Edwards’s testimony was very damaging to O. J. Simpson. He’d seen a one-inch-long cut on Nicole’s left upper lip. Her right forehead was swollen. One of her eyes was starting to blacken. Her cheek was puffy and she had a handprint on her neck. Moreover, Edward saw that Nicole Brown Simpson seemed genuinely terrified of her husband.
To my way of thinking, a smart defense attorney would want to get this guy off the stand as quickly as possible. Not Johnnie. He trotted Edwards back through the details of the incident, sniping at him for not going into the house to interview the maid. (Please keep in mind, this officer had an injured victim in his car!) Johnnie wanted to position Nicole as the provocateur and Simpson as the reasonable one. But that backfired. Asked to describe Simpson’s demeanor, Edwards replied, “He had veins… popping out right here [he gestured to his own temple] on the upper part of his head, along the side of his head. The veins were pulsing and popping out, and I’d never seen that before on television or anywhere.”
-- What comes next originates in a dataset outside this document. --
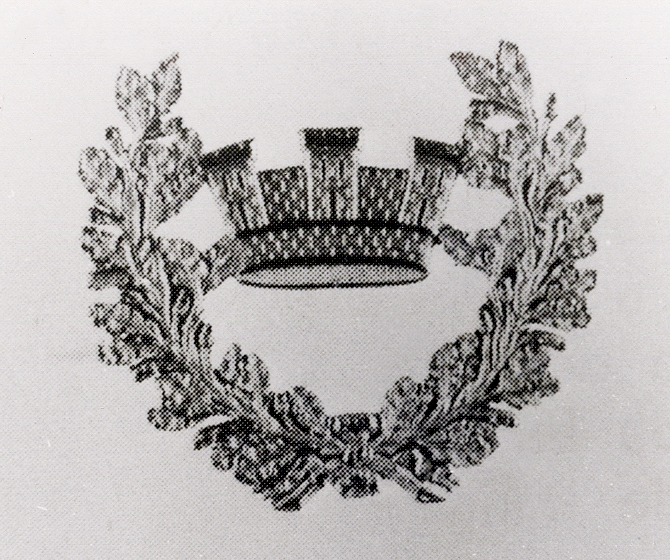 Mössmärke (krenelerad krona med eklövskrans) för stadsfiskal (Växjö).

“So you associated that with anger?” Johnnie persisted.
Duh.
I have to believe that left to his own devices Johnnie would have been more effective with Edwards. He could have taken the tack, “Did you ever have the occasion to go out to Rockingham again, Officer Edwards?”…“No, I did not, sir.” That would have suggested to the jury that his client was reformed and repentent. I suspected that he did not do this because his client was pressuring him to take Edwards down. Still galled by the New Year’s Eve incident, Simpson was looking for any opportunity to rewrite history. (This perverse impulse, in fact, persisted into the civil trial, when, in the face of a mountain of evidence to the contrary, he continued to insist that he’d never struck Nicole. Never!) Unfortunately for Simpson, kicking Officer Edwards around was not his ticket to rehabilitation. It only served to repeat the facts of a crime to which he ultimately had pled “no contest.”
“Amateurish,” I scribbled on a Post-it to Chris. He rolled his eyes in agreement.
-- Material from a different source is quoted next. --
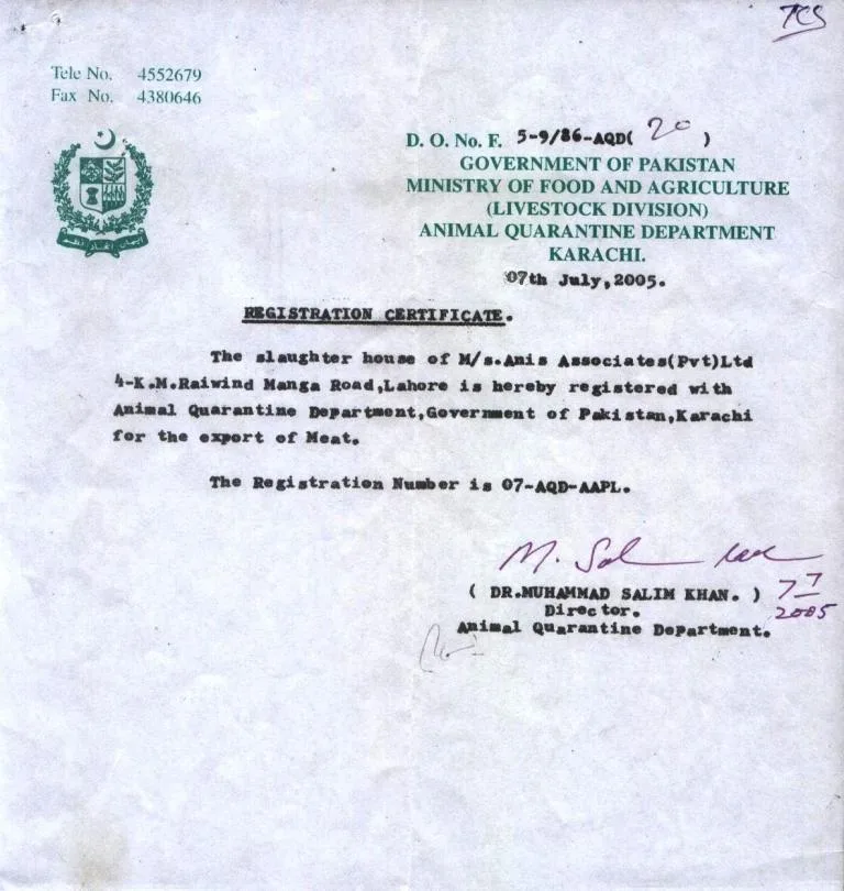 - Animal Quarantine Department, Government of Pakistan

I wondered if the jury was taking all this in.
The 911 dispatchers and Detective Edwards had laid a credible foundation for our next witness, Ron Shipp. Chris and I were pinning a lot of our hopes on Ron. Of all of our domestic violence witnesses, he was potentially the most damaging to the defendant. His testimony was also the hardest won.
Back in July, the cops passed me a tip about Ron. A former LAPD officer, he’d suffered from a drinking problem and left the force about five years earlier. Since then, he’d apparently tried his hand at acting, without much success. The really interesting thing about him was that he’d been a longtime friend of O. J. Simpson’s. He’d even worked security details for O. J.-and, in fact, had had some contact with him after the murders. The cops suspected that Shipp knew “something very important.” I sent out the word that I wanted to speak with him.
Shipp showed up at the CCB on Thursday, July 28, in the company of his attorney, Bob McNeil-as it happened, a law school buddy of mine. Shipp was a compact black man, a few years younger than O. J. Simpson. His honest, open face, strewn generously with freckles, radiated decency.
I motioned them to an office down the hall from mine. Phil Vannatter joined us. He and Ron went back a long way on the force; I let him do the questioning.
“You know why we’re here, Ron,” Phil said. “We’re here to talk about O. J. Simpson and Nicole… And what I would like you to do… is just tell me what you know about their relationship. What was going on between them.”
Ron hesitated.
“I met Nicole before they were married and were living together… fifteen years [ago]… As far as I was concerned… they had a great marriage. A great relationship.”